Julgo que existe na Europa um consenso amplo sobre os efeitos negativos do aquecimento global e a necessidade de fazer alguma coisa para contrariar ou atenuar esses efeitos. Onde provavelmente já não encontraremos o mesmo consenso é ao nível das medidas que, directa ou indirectamente, podem contribuir nesse sentido. Esta constatação é amplamente demonstrativa da dificuldade do tema.
Discute-se se os objectivos de rápida descarbonização são adequados ou exagerados, se as medidas adoptadas pelos Governos e empresas no sentido de dar cumprimento a pelo menos alguns desses objectivos são virtuosas ou exageradas, se o ênfase na temática da sustentabilidade não está a ser sobreavaliado face às reais capacidades dos países e das populações, se o esforço pedido à sociedade é suportável ou se irá provocar uma profunda crise económica, etc.

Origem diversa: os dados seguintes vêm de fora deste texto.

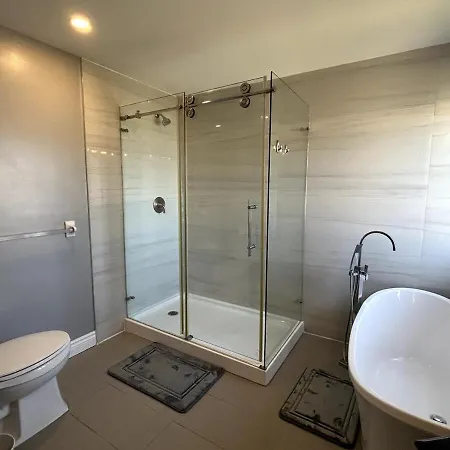 Bathroom facilities also include a tub, a separate toilet, and a shower. A hair dryer, a shower cap, and bath sheets are included for added comfort.

Infelizmente, o debate é muitas vezes travado numa óptica de análise dos custos a muito curto prazo e, como é cada vez mais normal neste mundo de redes sociais que facilitam exercícios de catarse individual e colectiva, feito mais com base em aparências do que em factos reais e comprovados.

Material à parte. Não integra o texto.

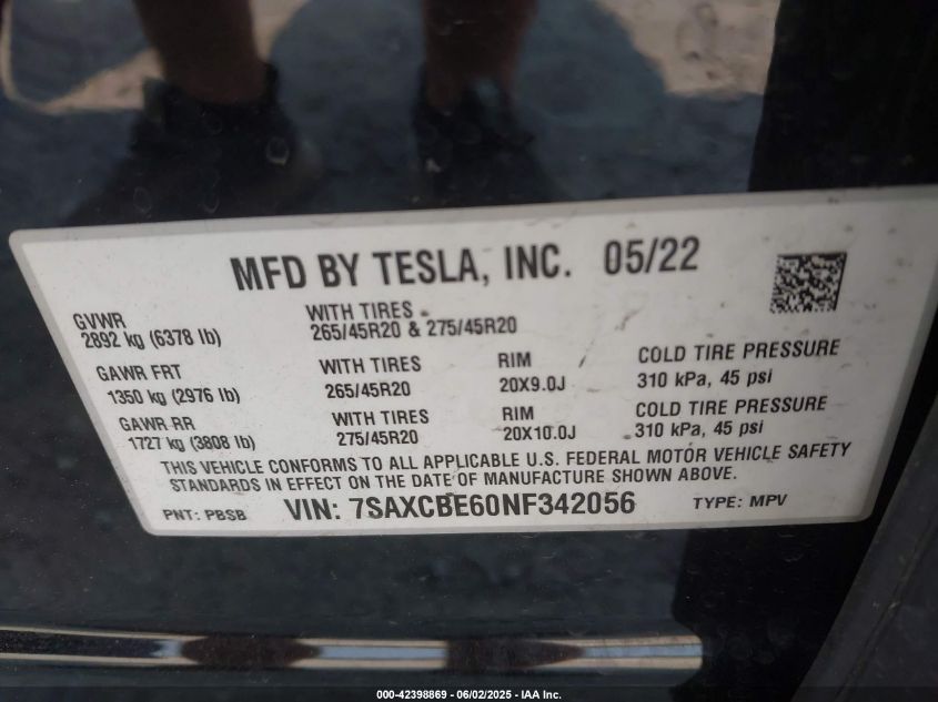 2022 TESLA MODEL X | 7SAXCBE60NF342056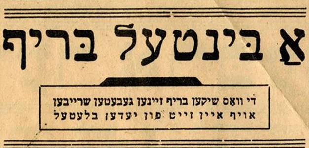 Tekstas parengtas remiantis knyga „A Bintel Brief: Sixty Years of Letters from the Lower East Side to the Jewish Daily Forward“ (Isaac Metzker, red., Harry Golden, įžanga).

Na realidade, neste debate ninguém tem razão em termos absolutos, nem ninguém está completamente errado, o que é, aliás, característico quando o debate é influenciado por factores emotivos: independentemente de que lado do debate estejamos, as certezas de uns não são suficientes para ultrapassar as dúvidas dos outros.
As iniciativas relativas à transição energética e à sustentabilidade vão ser caras, e vão fazer aumentar os custos da energia? É muito provável que sim, pelo menos a curto e médio prazo. Trata-se de tecnologias ainda em desenvolvimento, ou que requerem grandes investimentos na produção e distribuição, e que terão de ser financiadas através do aumento de preços, sob pena de serem inviáveis.
É natural que daí resulte um aumento geral dos preços dos produtos mais variados, porque a energia é factor de produção em todas as actividades. E o aumento dos preços levará a que alguns desses produtos deixem de ter aceitação por se tornarem excessivamente caros, podendo provocar a falência das empresas produtoras. Isto é negativo? É! Resta saber se é evitável, e se manter o statu quo não significa apenas adiar a inevitabilidade.
Mas outras empresas surgirão para desenvolver novas actividades, para satisfazer necessidades induzidas directa e indirectamente pelas novas formas de produzir energia. Há aqui uma evidente oportunidade de criação de riqueza que, na minha opinião, não deveríamos deixar escapar. É que esse novo mundo, resultante da transição energética e das preocupações com a sustentabilidade não é já só uma miragem distante, está aí ao dobrar da esquina.
Espanta-me por isso que haja quem persista em discutir se a Galp fez bem ou mal em descontinuar a pesquisa de petróleo, se a decisão do Governo português de abandonar o carvão como fonte de produção de energia é correcta ou precipitada, ou se a Índia a e China tem ou não condições para aderir mais fortemente à inevitabilidade da mudança (com toda a probabilidade não têm, e esse é o problema maior que têm de resolver).
É uma mera questão de tempo. E é também uma questão de gestão e aplicação dos recursos (técnicos, financeiros, intelectuais…) disponíveis, que devem ser canalizados para projectos orientados para a transformação da economia. Prolongar a agonia de soluções tecnológicas cuja sustentabilidade está claramente em questão é adiar a morte certa de um modelo passado e não trabalhar em soluções de futuro.
O autor escreve de acordo com a antiga ortografia.